Por lo tanto, resulta indispensable distinguir las narrativas de ficción de los vacíos de seguridad causados por la gestión humana. En esta línea, Figueroa precisó que «se ha generado esta idea superapocalíptica de que la inteligencia artificial va a acabar con todos. Hay que bajar un poco esa psicosis porque también eso es superpeligroso. La inteligencia artificial no lo hace de forma autónoma con una mente maquiavélica buscando destruirnos; son seres humanos los que están manejando esto sin los resguardos necesarios. El foco de esta discusión tiene que centrarse en la gobernanza y en la regulación».
El dilema geopolítico y el modelo de investigación aérea
Actualmente, el escenario internacional refleja dos enfoques regulatorios contrapuestos.
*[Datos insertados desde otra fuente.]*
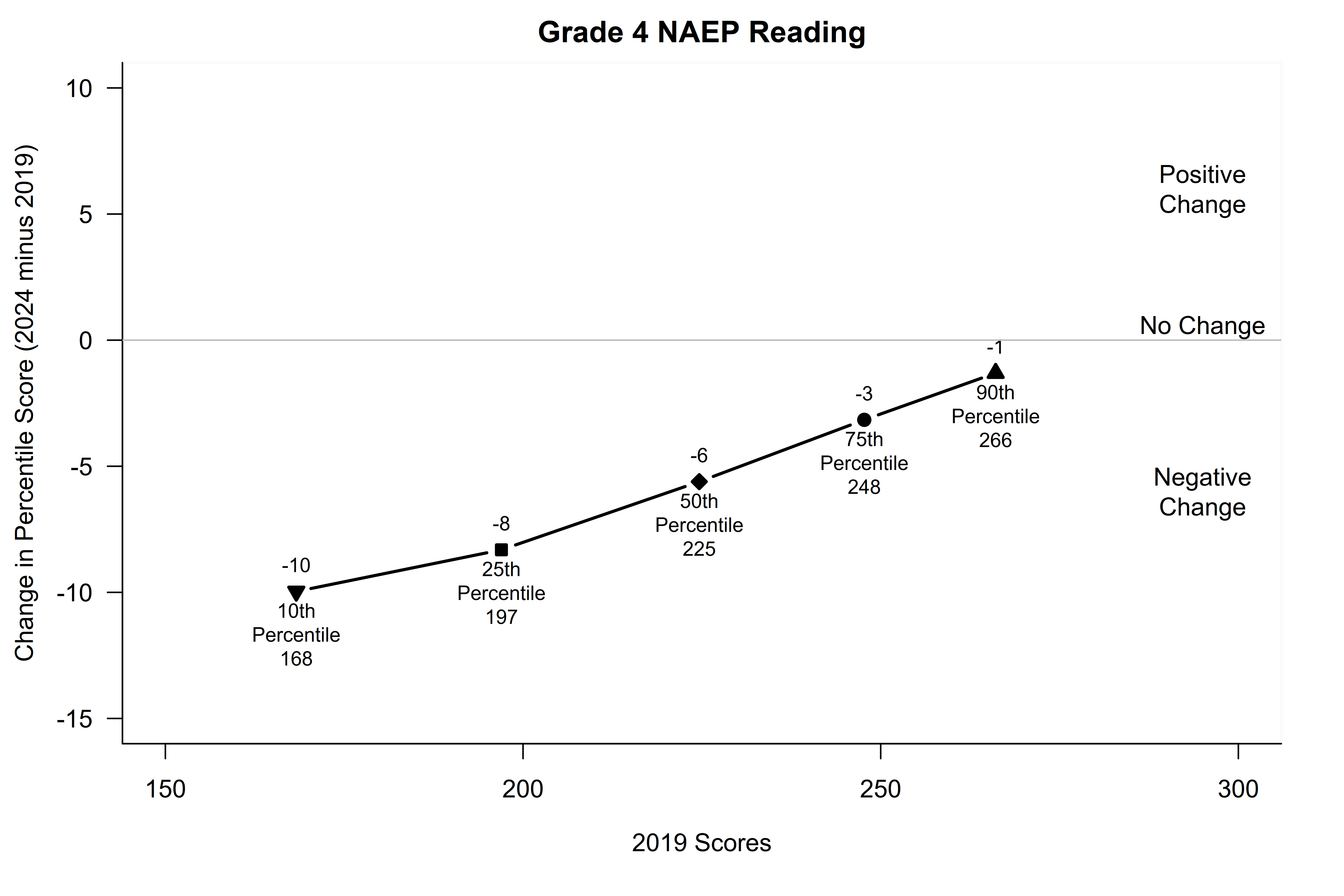 Changes in Grade 4 NAEP reading scores for the nation from 2019 to 2024. The horizontal line at 0 distinguishes between positive and negative changes.

Por un lado, la Unión Europea ha establecido un marco normativo estructurado según niveles de riesgo. Por otro lado, Estados Unidos mantiene un enfoque desregulado, impulsado por argumentos de competencia frente a potencias como China, tal como lo expresó Donald Trump.
Esta dispersión geográfica imposibilita una supervisión coherente en todo el planeta. Al evaluar esta brecha, Figueroa subrayó que «mientras existan estas regulaciones dispares regionales no se va a poder regular nada de forma real, porque a nivel global debiese haber un acuerdo político».
Frente a este obstáculo, diversos especialistas proponen adoptar un esquema similar al de la Junta Nacional de Seguridad del Transporte de Estados Unidos en la aviación civil. Bajo este modelo, ante cualquier incidente crítico de inteligencia artificial, peritos acreditados tendrían acceso total a la información reservada de las firmas tecnológicas.
Sin embargo, implementar un sistema de estas características requiere consensos previos y pautas operativas claras. Según advirtió Figueroa, «respecto a que esto debiese ser abordado como los accidentes aéreos, para que eso llegara a ocurrir debieron existir los protocolos para saber qué es lo que se tiene que mirar, quiénes deben entrar y quiénes están certificados para hacer esta investigación».
El desafío de frenar un avance arrollador
A pesar del complejo entramado político, la disposición del sector privado para discutir límites representa un antecedente positivo. Empresas líderes reconocen que la falta de barreras gubernamentales las obliga a negociar pautas de autorregulación. Asimismo, figuras como Bill Gates han advertido sobre las profundas repercusiones de la inteligencia artificial en el empleo, la educación y la desigualdad social.
No obstante, la velocidad de desarrollo continúa sobrepasando los tiempos legislativos tradicionales. En los últimos meses, los modelos de inteligencia artificial han comenzado a ser utilizados para diseñar la siguiente generación de sistemas, acelerando exponencialmente la brecha de control.
Finalmente, Juan Pablo Figueroa concluyó en Palabras Sacan Palabras que «hay que mirar de muy buenos ojos esta disposición que están mostrando las empresas de autorregularse. Sin embargo, a diferencia de los accidentes aéreos, el avance es demasiado arrollador. El mismo Amodei señala en su carta que este avance se les está yendo de las manos, y las capacidades que está teniendo la inteligencia artificial para diseñar la futura generación se vienen dando desde el verano del hemisferio norte». Ante este panorama, resulta imperativo acelerar la creación de marcos normativos locales y globales antes de que la tecnología vuelva obsoleta cualquier regulación proyectada.